Капкан. Амелия Брикс
Петрович прижимает меня к себе, и я даю волю слезам. – Поплачь, девочка, поплачь, – нежно и успокаивающе поглаживает меня по спине, – иногда это полезно, выплакать все свои печали и горести. Намного хуже, когда сухие глаза, а плачет душа, уж поверь мне старику, – тяжело вздыхает.
Когда рыдания переходят на всхлипы, я отстраняюсь от своего начальника.
– Простите, я…
– Такие молодые, а уже такие сломленные, – тихо произносит он, смотря на водную гладь.
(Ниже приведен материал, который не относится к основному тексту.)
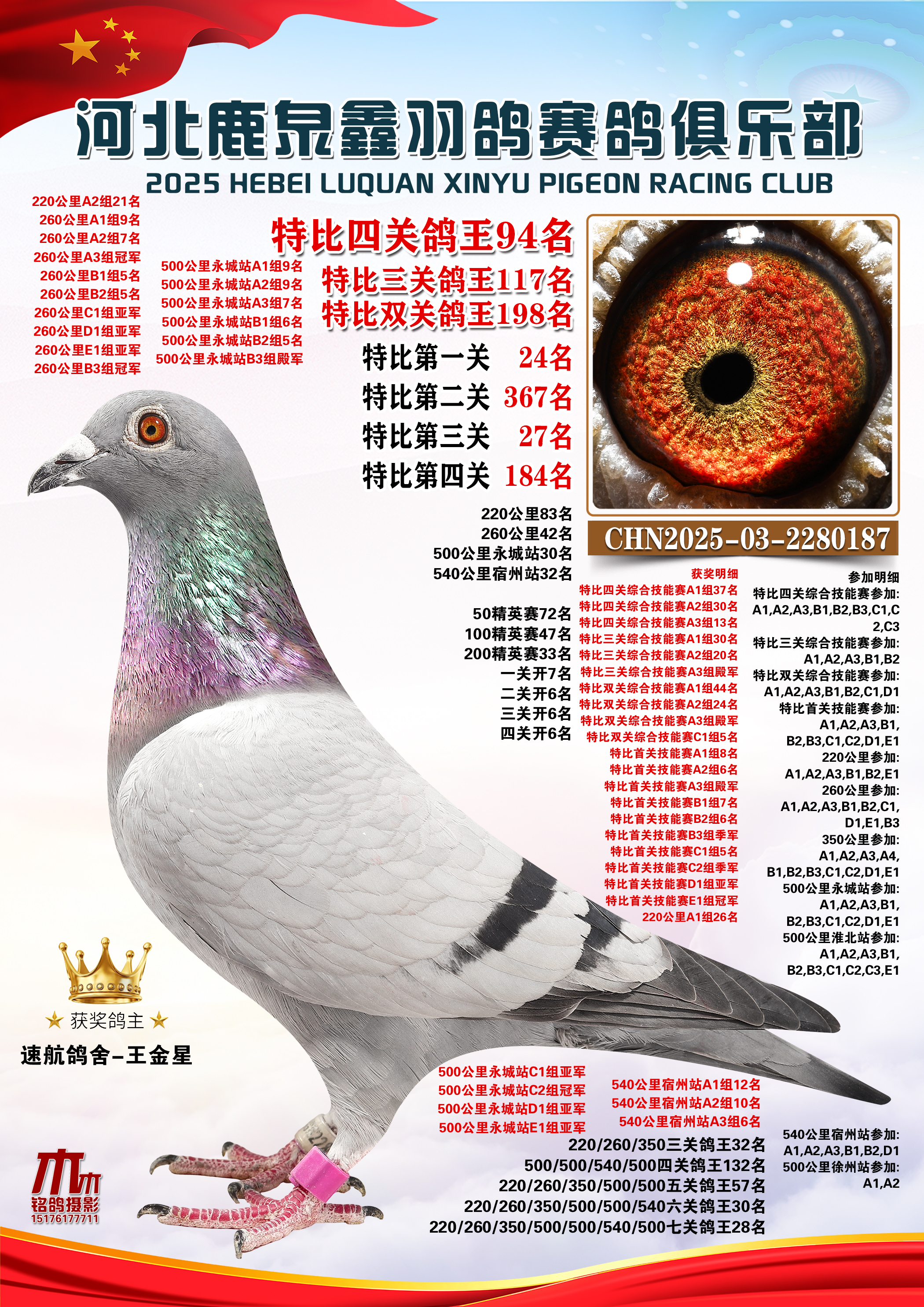 • 25秋河北鹿泉鑫羽鸽俱乐部特比鸽王1-50名 (2025/11/30 23:38:02)

Да. Сломленная. Как точно он подобрал слово. Я уже никогда не буду цельной. Можно залатать рану, но каждый раз она будет ныть и кровоточить, напоминая о прошлых ошибках.
– Ты не отчаивайся, Машенька, – в груди что-то сжимается от такого родного и по-отечески нежного «Машенька».
– Спасибо, – шепчу я.
– Пока не за что, – добродушно улыбается, – найдешь ты еще свое счастье.
Киваю в ответ, не веря его словам.
– Все будет хорошо, дочка, – будто читая мои мысли, говорит шеф, – у тебя точно оно будет, а на Марка ты не обижайся. Он парень не плохой, но жизнь его потрепала и сломила. Вот в его счастье я сомневаюсь, – обреченно вздыхает.
Не хочу слышать это имя, но факт того, что мой начальник говорит о нем – дает понять – у Марка свое не самое счастливое прошлое. Петрович молчит, а я не расспрашиваю. Так, в полной тишине, мы сидим какое-то время, наслаждаясь красотой раскинутой вокруг и стрекотом сверчков, пока до нас не доносится урчащий звук мотора.
– Решила уехать? – уточняет шеф.
– Да… Так будет лучше, – поднимаюсь, стряхивая с себя песчинки.
– Возможно. Ну, ты беги, а я еще посижу тут немного, – задумчиво говорит Петрович.
По тропинке добираюсь до домика. Вижу Сергея, поддаюсь эмоциям и бросаюсь в его крепкие и родные объятия, утыкаюсь в грудь.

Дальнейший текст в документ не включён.